* **DATA EXTRACTS**
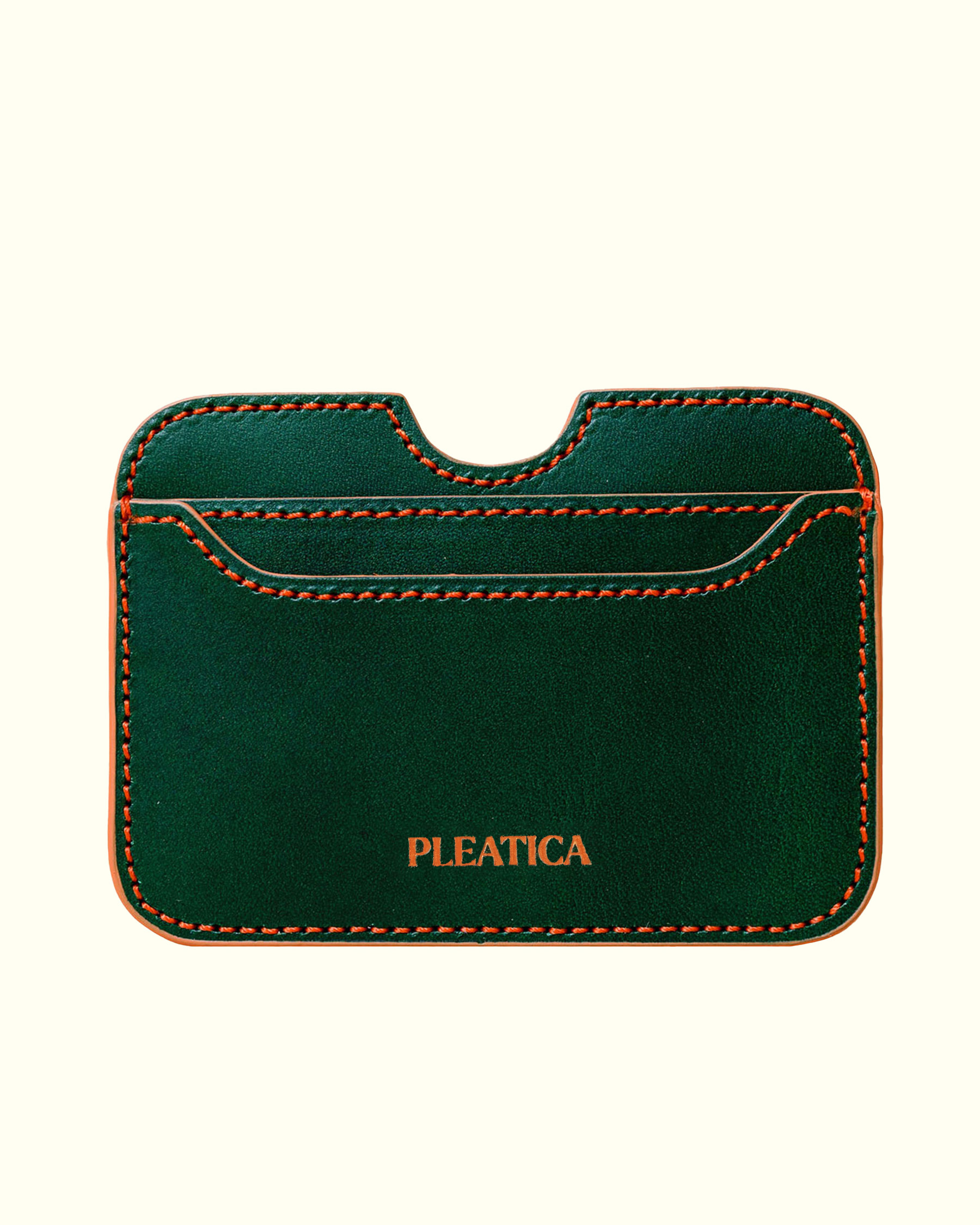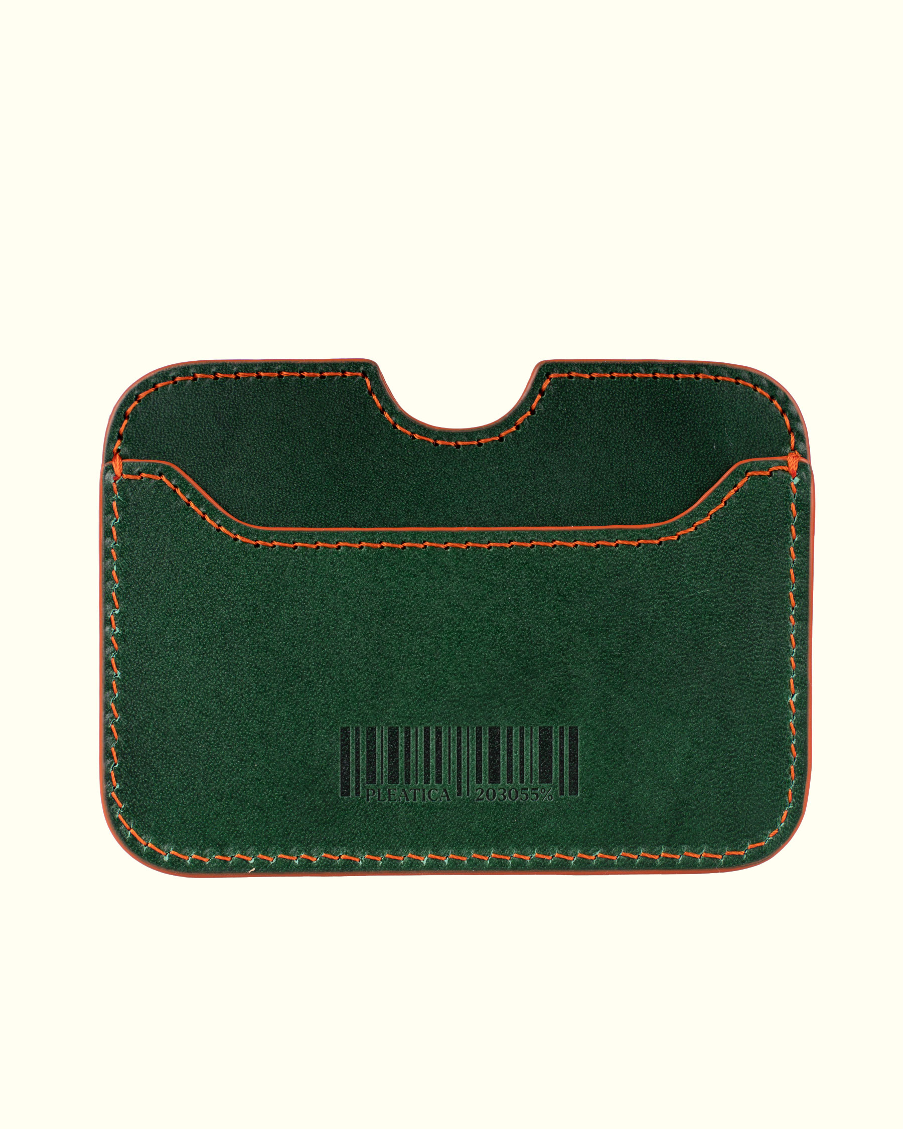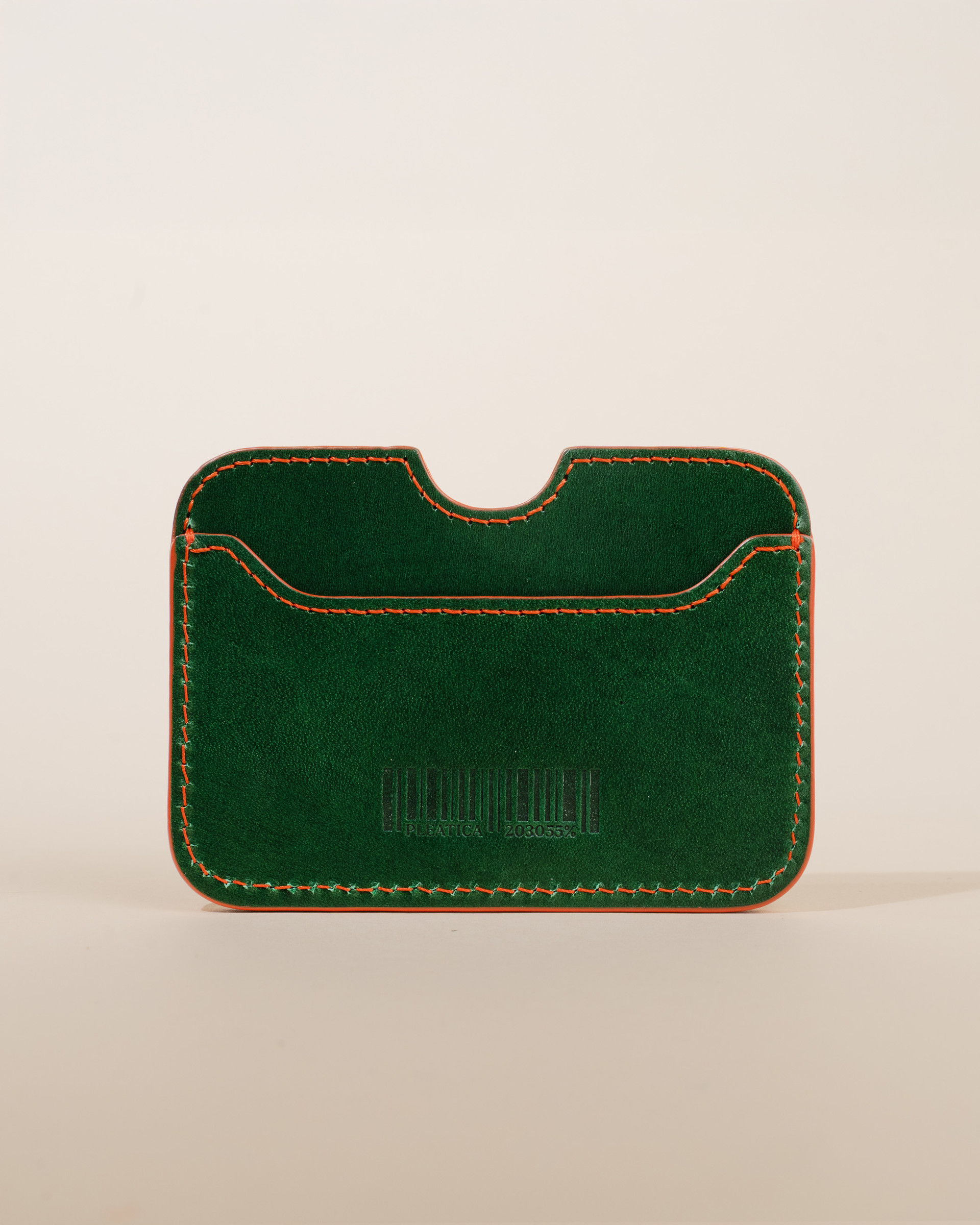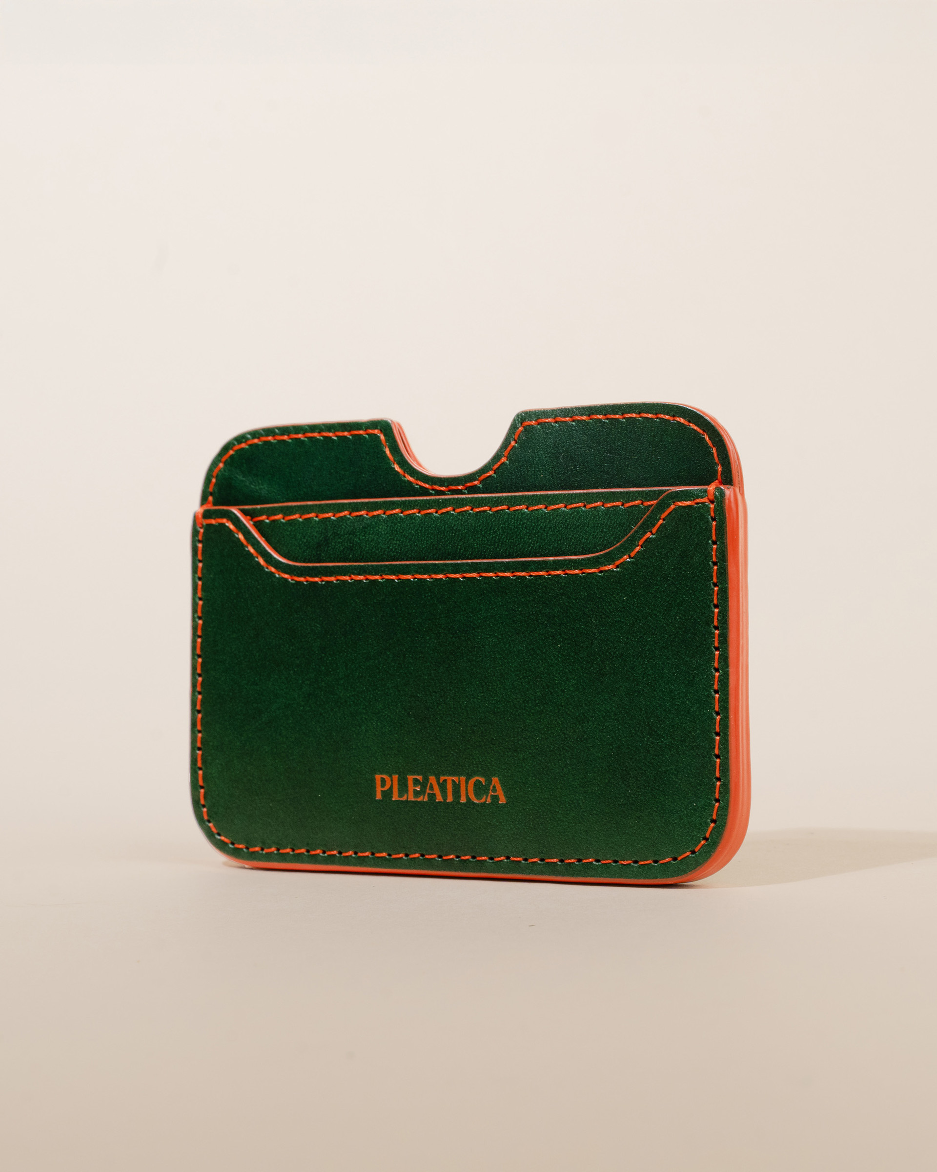 딥 그린 가죽에 오렌지 스티치가 더해져서, 마치 숲 속에서 나무 사이로 비치는 반짝이는 햇살을 떠올리게 해요.
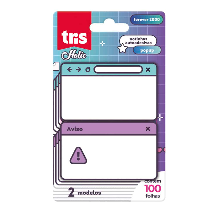 A coleção Forever 2000 dá um toque moderno aos elementos nostálgicos que estão em alta. Cores fortes, molduras de sistemas operacionais antigos e efeito glitch são algumas das características dessa linha que veio para resgatar os anos 2000 com muita diversão e estilo. As notas autoadesivas Pop Up possui 2 modelos de 50 folhas cada. Dimensões: 75x45mm.
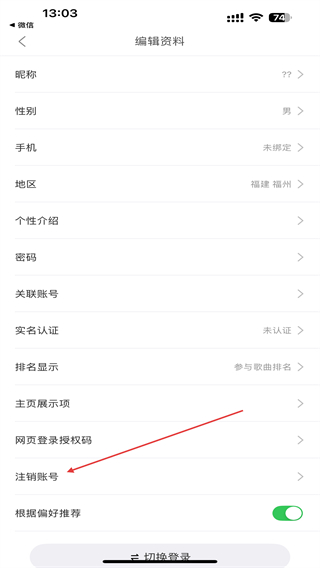 4、進(jìn)入編輯資料的頁面內(nèi),點(diǎn)擊注銷賬號(hào)的按鈕即可。
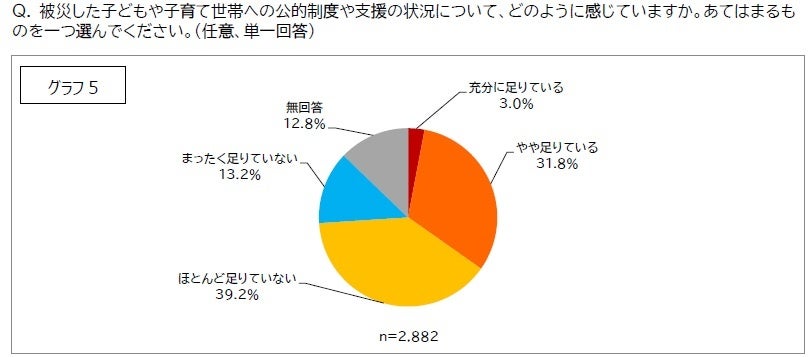 【3】 被災した子どもや子育て世帯への公的制度や支援について、半数以上が足りていないと回答
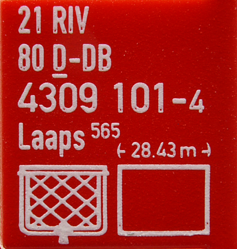 | • 21 80 4309 101-4 | → | nákladní, nezávislé nápravy, pevný rozchod, ve vlastnictví železniční správy, RIV, PPV |
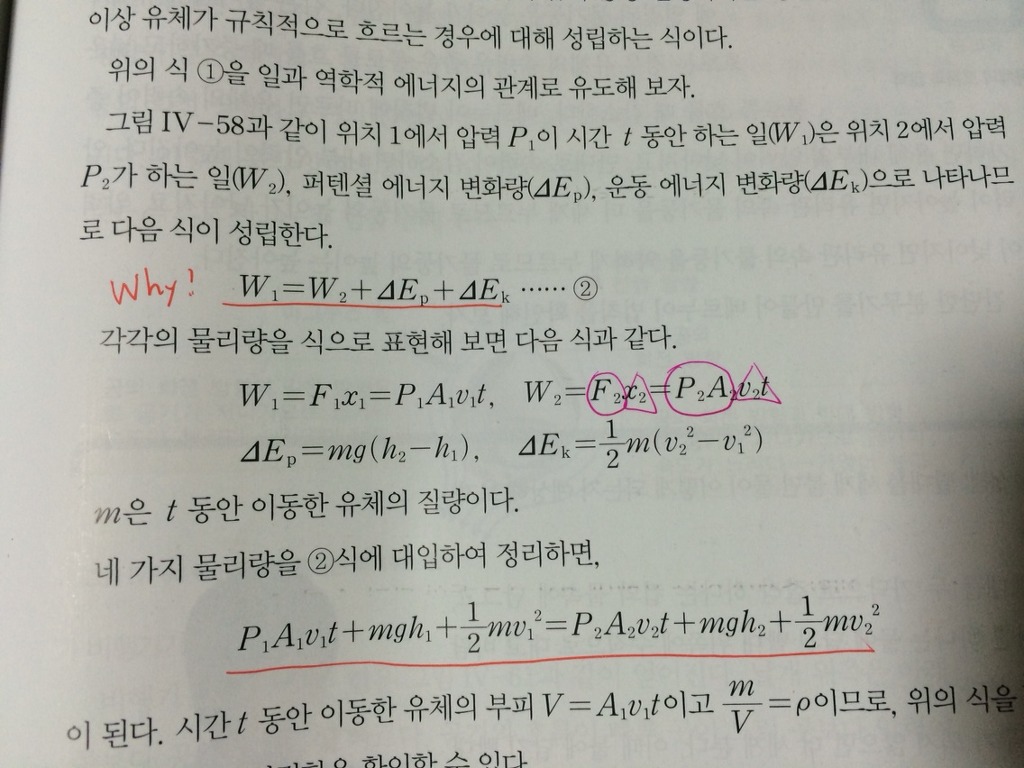 유체가 받은 일이 운동에너지와 위치 에너지 변화가 되었다고 하잖아요...
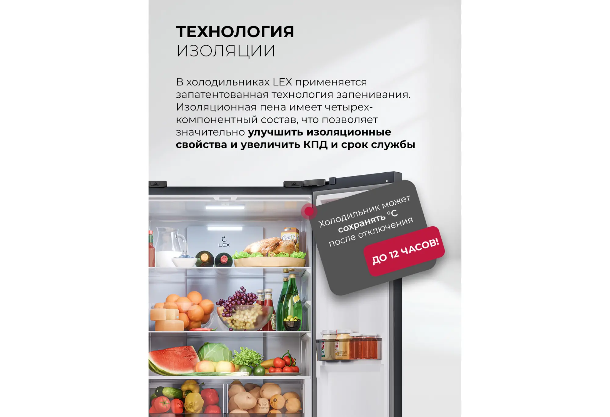 - Сохранение температуры до 12 часов при отключении электричества
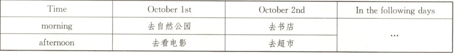 National Day is coming. Kate is going to have a busy holiday! On the morning of October 1st, she is going to the nature park. In the afternoon, she is going to see a film. On the morning of October 2nd, she is going to the bookstore to buy some books. In the afternoon, she is going to the supermarket. In the following days, Kate will visit her friends.
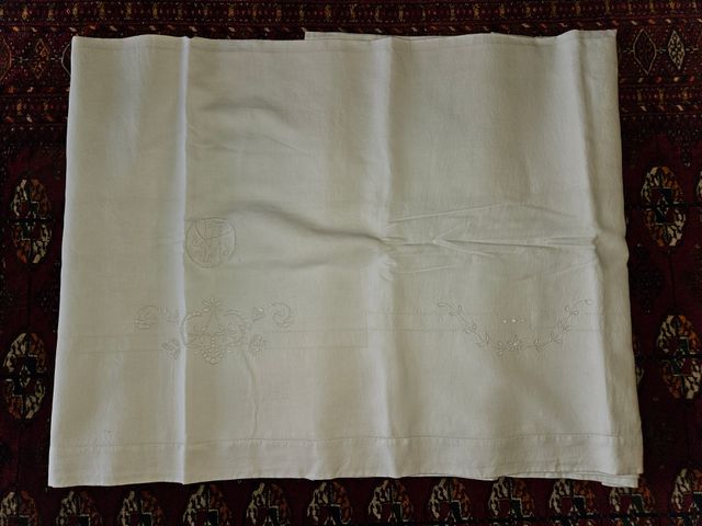 Lenzuolo matrimoniale antico ricamato a mano in ottime condizioni
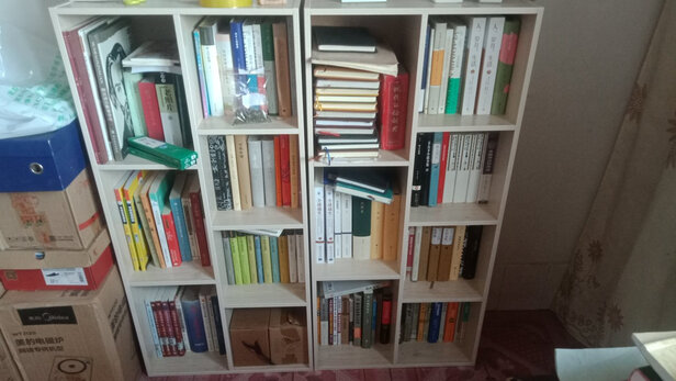 书架已经摆放起来了,效果很不错,可以放好多的书本,做工也满意。
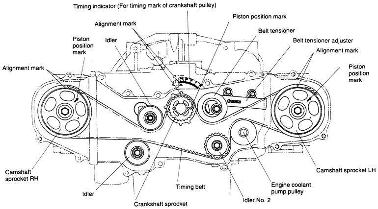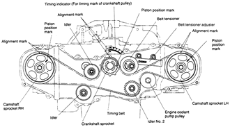 - Remove the timing belt tensioner and the timing belt tension adjuster.
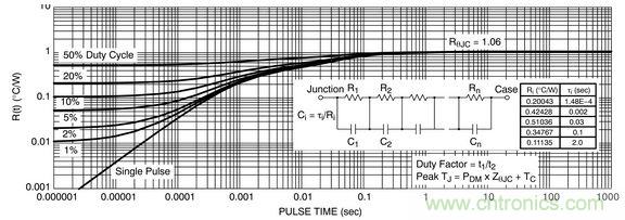 安森美半導體IGBT組件的數據表中包含IGBT及二極管θ值圖表。穩態θ值如圖7及圖8中的圖表所示。IGBT的θ值為0.470 °C/W,二極管為1.06 °C/W。計算中還要求另一項熱系數,即兩個裸片之間的熱交互影響常數ψ。測試顯示對于TO-247、TO-220及類似封裝而言,此常數約為0.15 °C/W,下面的示例中將使用此常數。
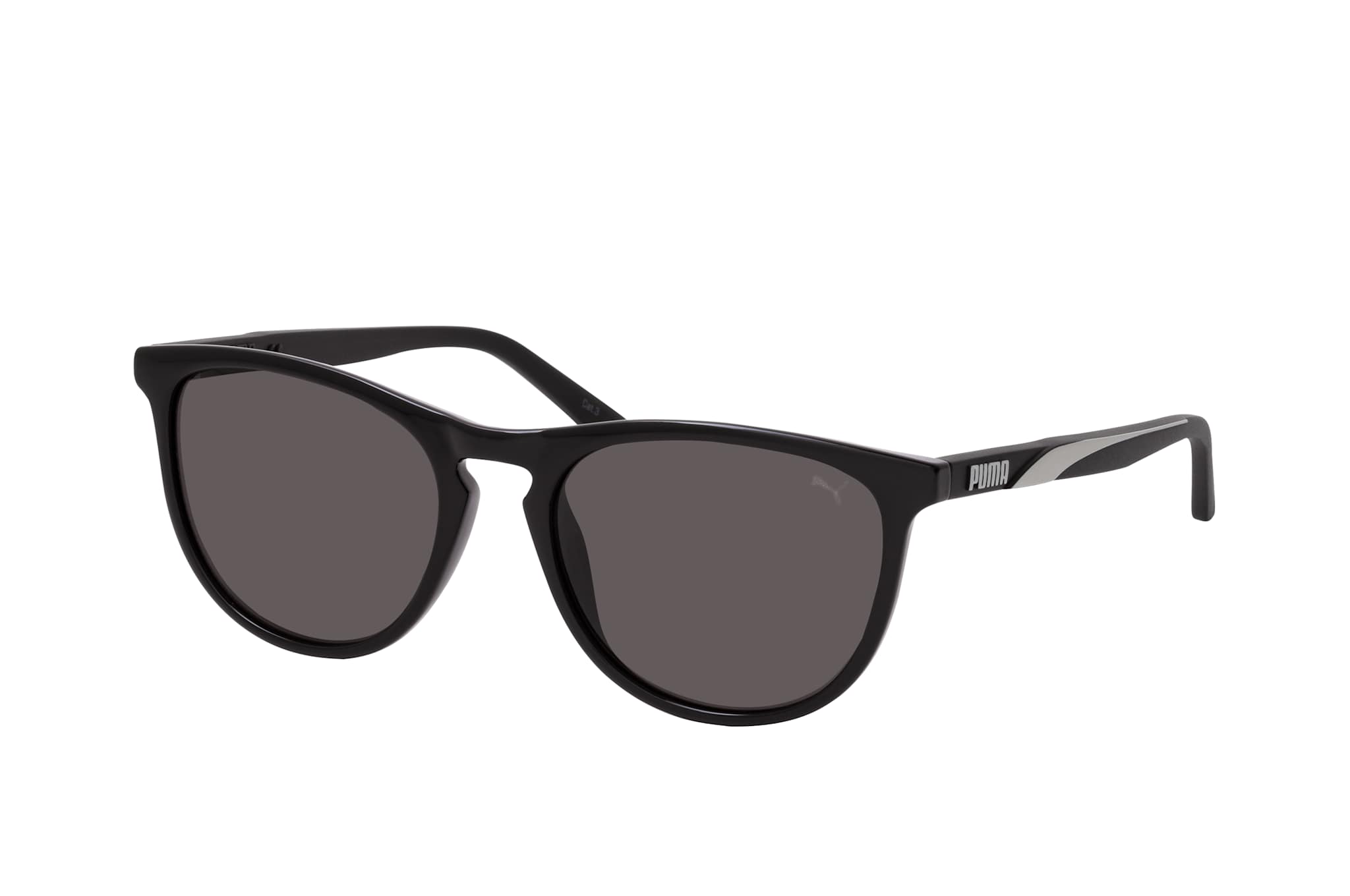 Puma PU 0345S 001, Runde Sonnenbrille Damen. Farbe: Schwarz, Größe: Medium, Rahmentyp: FULLFRAME, Brillenbreite: 140mm, Glashöhe: 44mm, Material: Kunststoff. Stegbreite: 18mm. Glasfarbe: Grau. Mit UV400-Filter. Hersteller: Kering Eyewear DACH GmbH. Style: MODERN

* **WHAT IS BEING ASKED**
Transcribe, word for word, the lines of the listing above from the one that contains "유체가 받은 일이 운동에너지와 위치 에너지 변화가 되었다고 하잖아요..." through the one that contains "- Сохранение температуры", keeping both ends and dropping the pictures.

* **TASK OUTPUT**
 유체가 받은 일이 운동에너지와 위치 에너지 변화가 되었다고 하잖아요...
 - Сохранение температуры до 12 часов при отключении электричества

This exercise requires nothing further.